A Salem-Keizer School Board director faces a district investigation after he allegedly put a hand on a referee while disputing officials’ performance following a West Salem High School football game last week.
Osvaldo Avila will be temporarily banned from district sporting events while the district investigates, district spokeswoman Emily Hicks said.
Avila did not dispute that he spoke with referees about their performance and said he patted one on the back, but said the interaction was cordial and there was no aggression.
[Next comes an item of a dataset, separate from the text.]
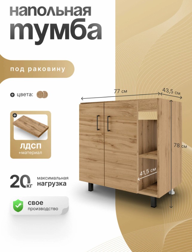 Если вы ищете, как выбрать мебель для ванной комнаты, чтобы она сочетала в себе стиль, функциональность и износостойкость — обратите внимание на тумбу под умывальник от СпадарДрэва, серия NIKA. Выполненная из ЛДСП с матовым лаком, она устойчива к влаге, солнечным лучам и не боится царапин. Несмотря на компактные размеры, тумба отлично справляется с хранением необходимых мелочей, а регулируемые ножки обеспечивают устойчивость даже на неровных полах. Элегантный цвет дуб вотан делает ее универсальной для интерьеров от классики до современного минимализма.

He said he will cooperate with the district’s investigation.
“The truth will come out and show that I was not physically violent or aggressive to anyone,” he told Salem Reporter.
Avila’s son plays on the football team, he said.
The incident took place following the Oct. 26 junior varsity game against Sheldon High School in Eugene.
Mike Whitty, commissioner of the Lane County Football Officials Association, filed a complaint that evening with Salem-Keizer Superintendent Christy Perry, West Salem principal Carlos Ruiz, athletic director Wendy Stradley and officials with the Oregon School Activities Association, which regulates high school sports and activities.
Whitty’s account says multiple fans got “overly excited” following a call at the end of the game where the Sheldon quarterback spiked the ball from a shotgun snap to stop the clock. A rule change about five years ago allowed players to snap the ball from that formation, but Whitty said fans likely weren’t aware of the rule change.
Following the game, Whitty wrote, “One fan walked over to the exit and waited for the officials to approach. The man put his hand forcefully on the back of the head referee and said, ‘I am on the Salem-Keizer School Board and I will be calling OSAA to report you tomorrow.'”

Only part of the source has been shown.